Quali ordini sociali sarebbero messi a rischio?

Le malattie respiratorie arrivano a noi dalle città asiatiche, in particolare dalla Cina. Ma è impossibile separare queste storie dalle paure nei confronti dell’Asia, della sua crescita economica. Guandong, la provincia di Singapore da cui si è diffusa la Sars, esporta la malattia come una merce negli spazi pericolosamente promiscui di un’economia globale concepita come un ecosistema. Invece le febbri emorragiche provengono soprattutto dell’Africa e dal Sudamerica, dalla giungla, il che è strettamente legato alle relazioni tra le razze negli Stati Uniti.
Quello che queste storie non raccontano mai è che il problema non è che certi popoli diffondono malattie perché sono primitivi. Se vivono in vicinanza dei loro animali, per esempio, non è perché sono primitivi, ma perché sono impoveriti. E il tipo di sviluppo imposto dal Nord del mondo che sfrutta il Sud è una grande parte della storia che non viene mai raccontata. Quindi, anche se il problema viene dal Sud e la soluzione dal Nord, la povertà ha forse origine più al Nord che non al Sud.

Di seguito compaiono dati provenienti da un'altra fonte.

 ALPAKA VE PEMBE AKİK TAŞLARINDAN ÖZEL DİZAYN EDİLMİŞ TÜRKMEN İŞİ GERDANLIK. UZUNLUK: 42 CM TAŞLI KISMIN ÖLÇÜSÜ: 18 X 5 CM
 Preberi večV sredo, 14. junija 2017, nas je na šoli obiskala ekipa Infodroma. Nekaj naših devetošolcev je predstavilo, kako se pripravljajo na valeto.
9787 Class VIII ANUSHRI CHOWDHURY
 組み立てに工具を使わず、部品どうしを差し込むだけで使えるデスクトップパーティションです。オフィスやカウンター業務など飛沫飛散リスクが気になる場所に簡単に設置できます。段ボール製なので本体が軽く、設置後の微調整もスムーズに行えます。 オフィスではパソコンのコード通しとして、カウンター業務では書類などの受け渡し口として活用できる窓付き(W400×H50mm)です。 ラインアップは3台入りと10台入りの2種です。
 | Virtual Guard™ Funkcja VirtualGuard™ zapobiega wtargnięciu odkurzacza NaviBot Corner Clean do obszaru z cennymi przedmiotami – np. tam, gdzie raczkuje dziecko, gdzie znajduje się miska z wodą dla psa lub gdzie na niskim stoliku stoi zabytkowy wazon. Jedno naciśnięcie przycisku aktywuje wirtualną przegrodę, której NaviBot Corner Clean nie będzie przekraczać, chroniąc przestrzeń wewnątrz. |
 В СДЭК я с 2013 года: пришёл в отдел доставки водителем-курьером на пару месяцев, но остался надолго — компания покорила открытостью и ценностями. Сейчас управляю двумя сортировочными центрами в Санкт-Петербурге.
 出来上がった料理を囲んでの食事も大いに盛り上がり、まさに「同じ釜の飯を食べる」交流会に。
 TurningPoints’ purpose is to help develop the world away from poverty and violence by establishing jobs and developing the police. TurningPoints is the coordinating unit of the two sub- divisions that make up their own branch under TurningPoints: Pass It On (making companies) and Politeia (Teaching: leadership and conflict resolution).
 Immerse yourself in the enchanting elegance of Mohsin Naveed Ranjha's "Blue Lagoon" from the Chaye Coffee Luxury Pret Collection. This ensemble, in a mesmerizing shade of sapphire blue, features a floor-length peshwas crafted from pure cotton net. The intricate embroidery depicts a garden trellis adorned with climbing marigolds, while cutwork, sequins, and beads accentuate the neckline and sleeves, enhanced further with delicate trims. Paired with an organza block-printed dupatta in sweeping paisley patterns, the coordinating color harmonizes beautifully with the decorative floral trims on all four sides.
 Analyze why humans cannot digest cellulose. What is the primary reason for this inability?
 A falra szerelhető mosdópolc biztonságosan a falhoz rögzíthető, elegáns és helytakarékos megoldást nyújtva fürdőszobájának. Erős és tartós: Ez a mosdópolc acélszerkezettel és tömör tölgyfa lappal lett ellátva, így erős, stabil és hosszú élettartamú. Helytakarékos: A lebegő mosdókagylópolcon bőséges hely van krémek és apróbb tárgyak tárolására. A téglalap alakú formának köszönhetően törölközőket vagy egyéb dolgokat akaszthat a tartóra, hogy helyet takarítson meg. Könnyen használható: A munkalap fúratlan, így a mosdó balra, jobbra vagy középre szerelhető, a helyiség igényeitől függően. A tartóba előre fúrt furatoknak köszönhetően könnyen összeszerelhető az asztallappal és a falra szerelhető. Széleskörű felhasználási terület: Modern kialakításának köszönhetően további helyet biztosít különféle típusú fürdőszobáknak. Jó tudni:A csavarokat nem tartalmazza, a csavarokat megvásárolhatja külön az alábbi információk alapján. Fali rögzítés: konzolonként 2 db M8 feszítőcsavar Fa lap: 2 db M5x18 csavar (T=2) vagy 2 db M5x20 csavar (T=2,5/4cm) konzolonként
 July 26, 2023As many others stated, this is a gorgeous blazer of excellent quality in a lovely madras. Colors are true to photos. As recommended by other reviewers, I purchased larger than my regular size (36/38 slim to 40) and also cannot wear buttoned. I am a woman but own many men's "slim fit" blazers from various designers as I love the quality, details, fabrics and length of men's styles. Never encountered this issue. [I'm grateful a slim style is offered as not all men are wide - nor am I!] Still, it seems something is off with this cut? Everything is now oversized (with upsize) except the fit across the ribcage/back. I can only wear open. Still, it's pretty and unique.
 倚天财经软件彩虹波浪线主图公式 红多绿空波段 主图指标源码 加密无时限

Possiamo impedire che una malattia si diffonda senza stigmatizzare persone o popolazioni e senza deumanizzarle?

Sì, se le narrazioni sulle malattie infettive cominciassero a parlare di come il modello economico del Nord del mondo causa povertà. In questo modo la soluzione non sarebbe più solo medica ma risiederebbe in un cambiamento radicale, una sorta di responsabilità sociale su scala planetaria. Ma stiamo parlando di una rivoluzione che riguarda l’economia globale, e questa è una storia che quasi nessuno vuole più sentirsi raccontare.